Page MenuHomePhabricator

(euwiki) Mysterious, coordinated slowdowns every ~ 25 minutes on API servers
Open, HighPublic

Description

Since august 21st (after the train was deployed to group1, but not necessarily because of that), we've started seeing occasions in which the two full-php7 api servers with high traffic would:

  • Spike up in cpu
  • Occupy all the fpm workers as busy
  • raise the response times.

The weirdest part of it is the slowdowns appear to happen in tandem between the two servers, at the same times.

This is also probably the cause of the slowdowns noticed by @Tarrow in T230976

We've identified most slow requests seem to come from parsoid, but I will be more precise when the investigation happens.

It appears that this is related when templates change on euwiki (just a theory). Even if this is due to templates changes, it shouldn't be slowing down our API as much as it does

Event Timeline

Joe created this task.Aug 22 2019, 2:20 PM
Restricted Application added a subscriber: Aklapper. · View Herald TranscriptAug 22 2019, 2:20 PM
Joe triaged this task as High priority.Aug 22 2019, 2:20 PM
jijiki updated the task description. (Show Details)Aug 22 2019, 2:23 PM
jijiki added a subscriber: jijiki.

Mentioned in SAL (#wikimedia-operations) [2019-08-22T14:37:19Z] <_joe_> restarting php-fpm on mw1348 to observe the effect on the slowdown, T231011

Joe added a comment.Aug 23 2019, 1:35 PM

First smoking gun is in all the intervals I controlled the offender was parsoid-batch with quite large requests.

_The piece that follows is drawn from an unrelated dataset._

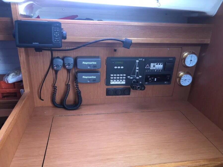 The Bavaria 43 Cruiser „Aqua Dream“ is equipped with a mainsail and a genoa as well as a Bimini top, Autopilot, Sprayhood, GPS chart plotter - cockpit.

I'm trying to gathering more cases to create a better statistics.

ema added a subscriber: ema.Aug 26 2019, 4:38 PM
CDanis added a subscriber: CDanis.Aug 27 2019, 1:41 PM

Mentioned in SAL (#wikimedia-operations) [2019-08-29T08:11:21Z] <_joe_> disabling zend GC on mw1347, testing an hypothesis for T231011

Krinkle moved this task from Untriaged to Other on the PHP 7.2 support board.Sep 6 2019, 12:24 AM
jijiki moved this task from Backlog to Next up on the serviceops board.Sep 13 2019, 4:34 AM

Looks like this is back since yesterday:


Logs show many requests that take a long time to finish are of type action=parsoid-batch on euwiki version 1.34.0-wmf.23

jijiki renamed this task from Mysterious, coordinated slowdowns every ~ 25 minutes on mw1347,mw1348 (php7 api servers) to Mysterious, coordinated slowdowns every ~ 25 minutes on API servers.Oct 29 2019, 1:29 PM

@Ladsgroup might be on the correct track here. The spikes neatly coincide with the WD bot updates.

@Ladsgroup might be on the correct track here. The spikes neatly coincide with the WD bot updates.

The patch that actually smooths this just got merged. Planning to backport it now.

Mentioned in SAL (#wikimedia-operations) [2019-11-14T16:04:20Z] <ladsgroup@deploy1001> Synchronized php-1.35.0-wmf.5/extensions/Wikibase: [[gerrit:550828|Put a layer of APC cache on top of reading wb_terms in SqlEntityInfoBuilder]] (T231011 T229407 T236681), Try II (duration: 00m 56s)

Joe added a subscriber: Theklan.Thu, Nov 14, 9:57 PM

@Theklan might be interested in watching this task too.

jijiki renamed this task from Mysterious, coordinated slowdowns every ~ 25 minutes on API servers to (euwiki) Mysterious, coordinated slowdowns every ~ 25 minutes on API servers.Fri, Nov 15, 10:51 AM
jijiki updated the task description. (Show Details)

Last days I have been heavily merging some templates, and it may be related.

@Theklan We suspect it is something on the production side since we have noticed this behaviour in the past. Moreover, this is not the only wiki where templates are changed, but it manages to standout in our investigations, which shouldn't happen. Nevertheless, thanks for letting us know :)

Ok! Now there's nothing special happening at euwiki and there are not new merges happening, so it should be another thing.